* Data to examine
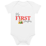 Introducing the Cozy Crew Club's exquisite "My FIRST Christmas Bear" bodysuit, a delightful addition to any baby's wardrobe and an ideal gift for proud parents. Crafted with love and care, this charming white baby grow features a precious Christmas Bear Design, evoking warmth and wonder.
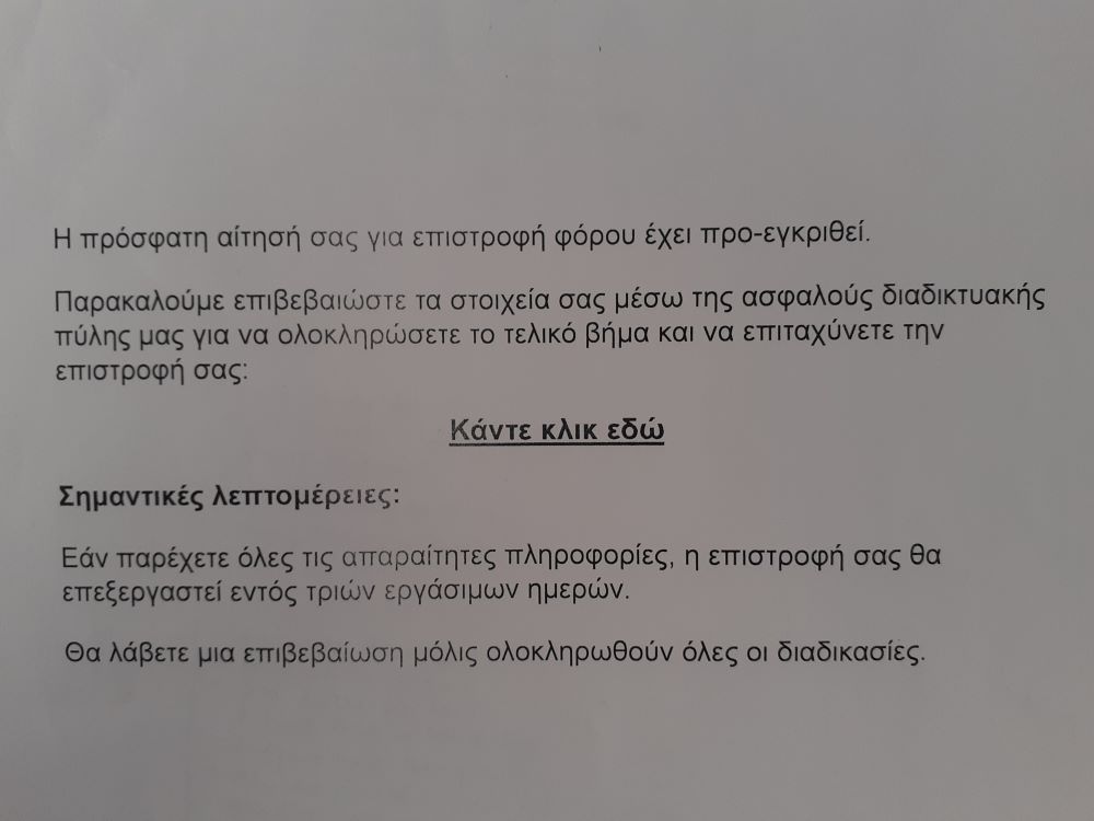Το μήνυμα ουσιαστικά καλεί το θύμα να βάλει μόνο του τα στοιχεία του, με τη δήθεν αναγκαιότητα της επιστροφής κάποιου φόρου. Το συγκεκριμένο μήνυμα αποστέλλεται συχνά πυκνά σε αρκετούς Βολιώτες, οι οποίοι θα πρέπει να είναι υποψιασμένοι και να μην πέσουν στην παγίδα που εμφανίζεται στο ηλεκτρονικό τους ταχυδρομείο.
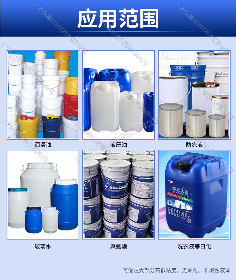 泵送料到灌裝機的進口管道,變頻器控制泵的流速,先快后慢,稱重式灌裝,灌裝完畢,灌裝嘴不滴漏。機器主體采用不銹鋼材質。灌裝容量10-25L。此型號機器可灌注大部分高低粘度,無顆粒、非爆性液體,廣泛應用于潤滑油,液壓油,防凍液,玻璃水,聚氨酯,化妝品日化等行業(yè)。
--
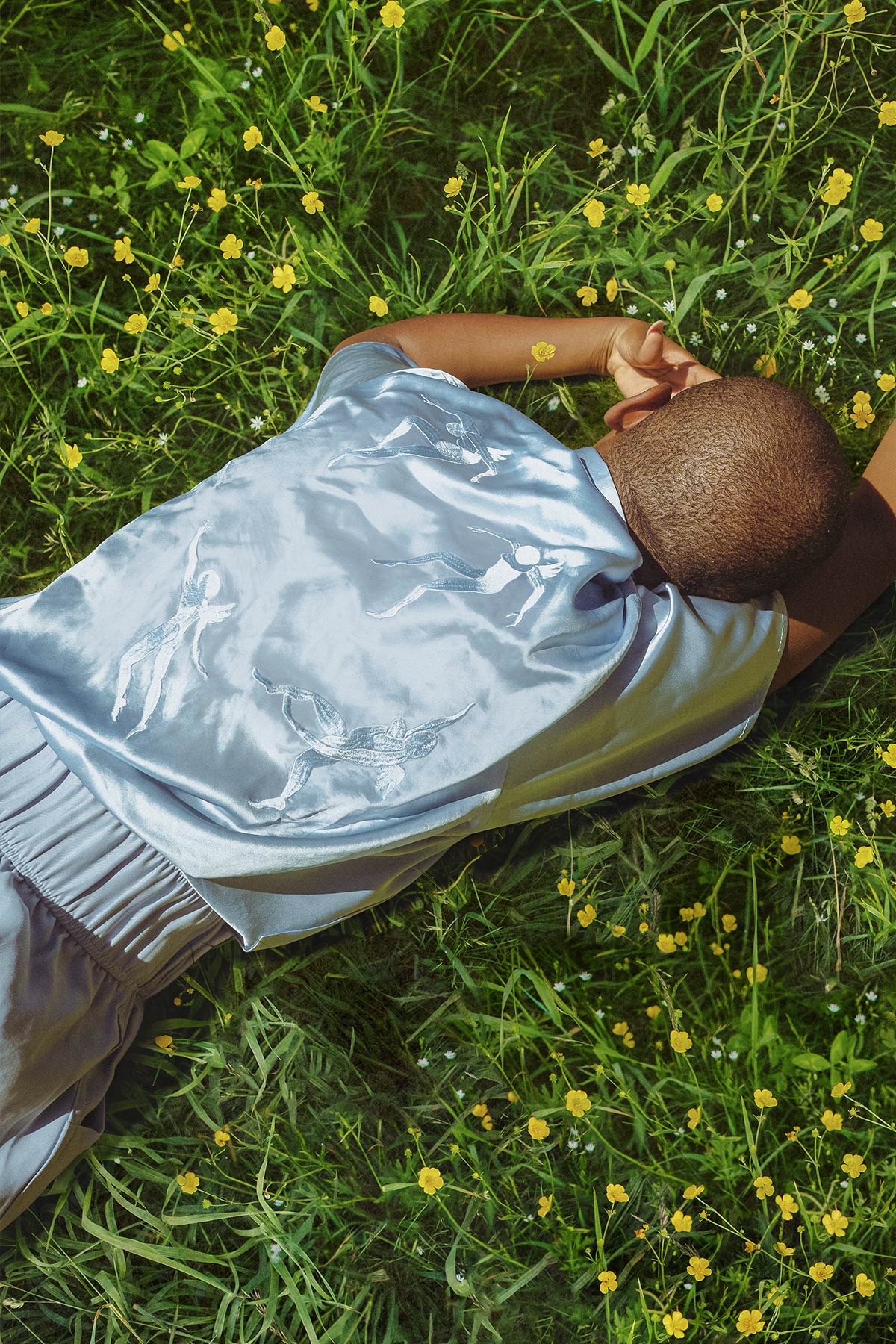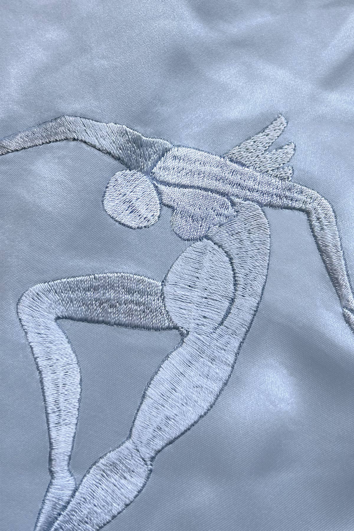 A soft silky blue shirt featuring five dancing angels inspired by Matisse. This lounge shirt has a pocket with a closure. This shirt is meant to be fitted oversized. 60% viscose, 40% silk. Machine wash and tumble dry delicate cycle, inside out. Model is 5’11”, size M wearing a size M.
---
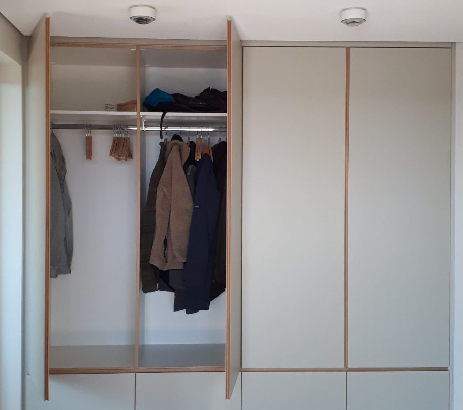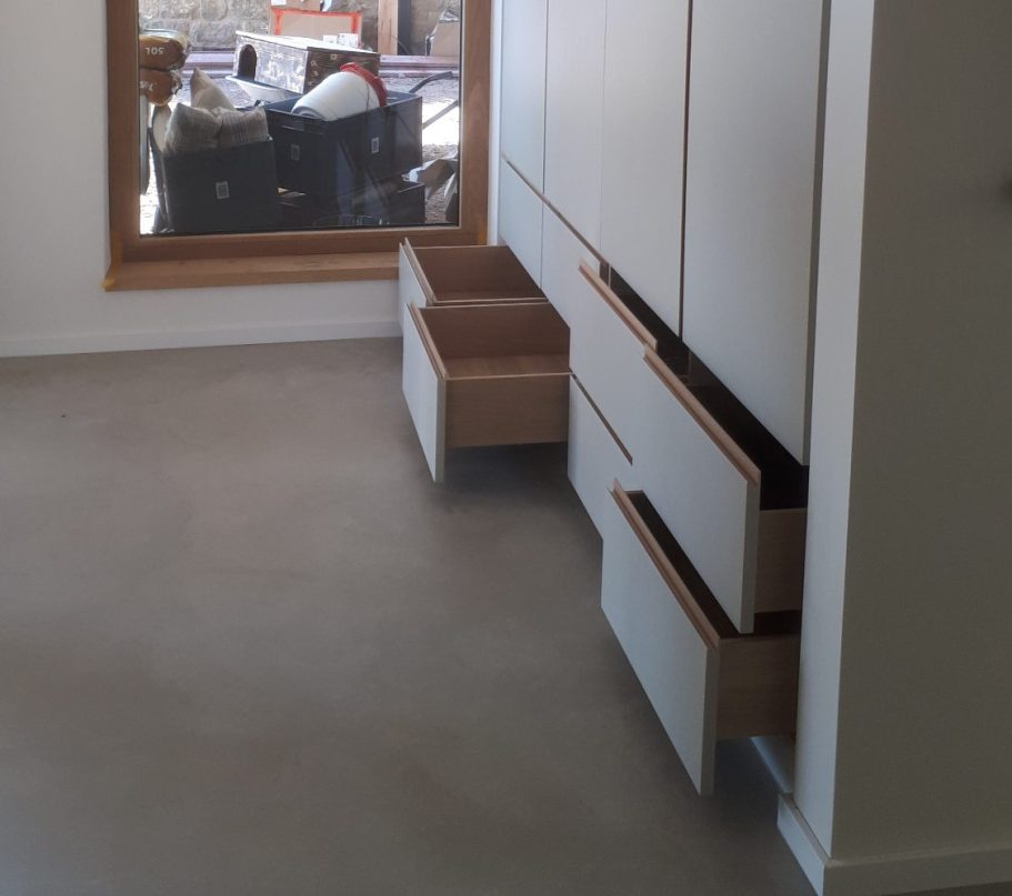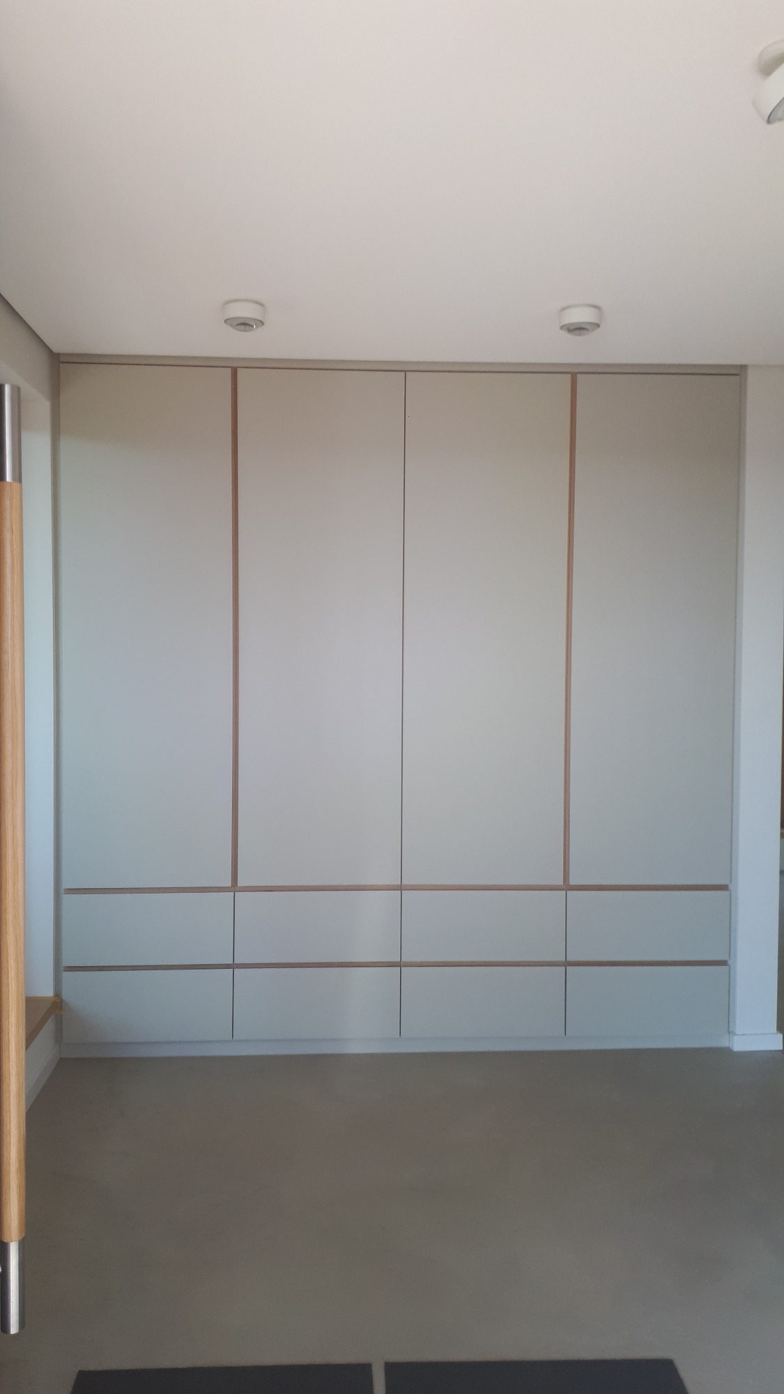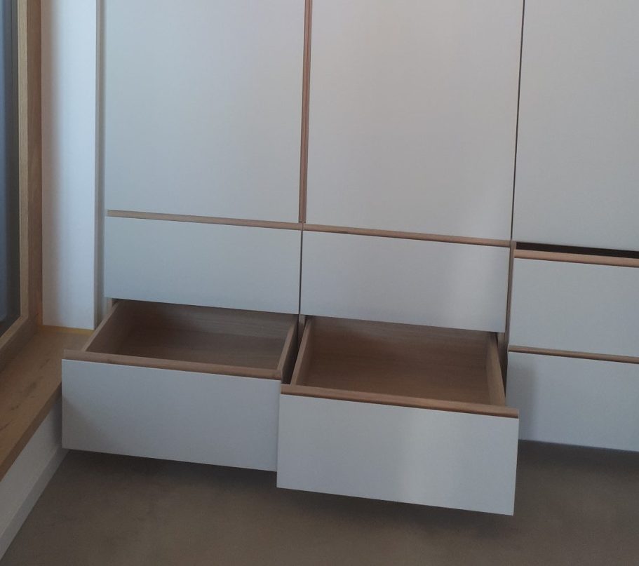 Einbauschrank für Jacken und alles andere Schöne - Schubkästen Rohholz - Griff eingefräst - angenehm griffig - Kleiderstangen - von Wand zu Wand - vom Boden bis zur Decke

* Assignment
Both boundary lines included, write out word for word only the lines above from the one containing "Το μήνυμα ουσιαστικά" to the one containing "泵送料到灌裝機的進口管道,變", leaving out any pictures.

* Result of this task
Το μήνυμα ουσιαστικά καλεί το θύμα να βάλει μόνο του τα στοιχεία του, με τη δήθεν αναγκαιότητα της επιστροφής κάποιου φόρου. Το συγκεκριμένο μήνυμα αποστέλλεται συχνά πυκνά σε αρκετούς Βολιώτες, οι οποίοι θα πρέπει να είναι υποψιασμένοι και να μην πέσουν στην παγίδα που εμφανίζεται στο ηλεκτρονικό τους ταχυδρομείο.
 泵送料到灌裝機的進口管道,變頻器控制泵的流速,先快后慢,稱重式灌裝,灌裝完畢,灌裝嘴不滴漏。機器主體采用不銹鋼材質。灌裝容量10-25L。此型號機器可灌注大部分高低粘度,無顆粒、非爆性液體,廣泛應用于潤滑油,液壓油,防凍液,玻璃水,聚氨酯,化妝品日化等行業(yè)。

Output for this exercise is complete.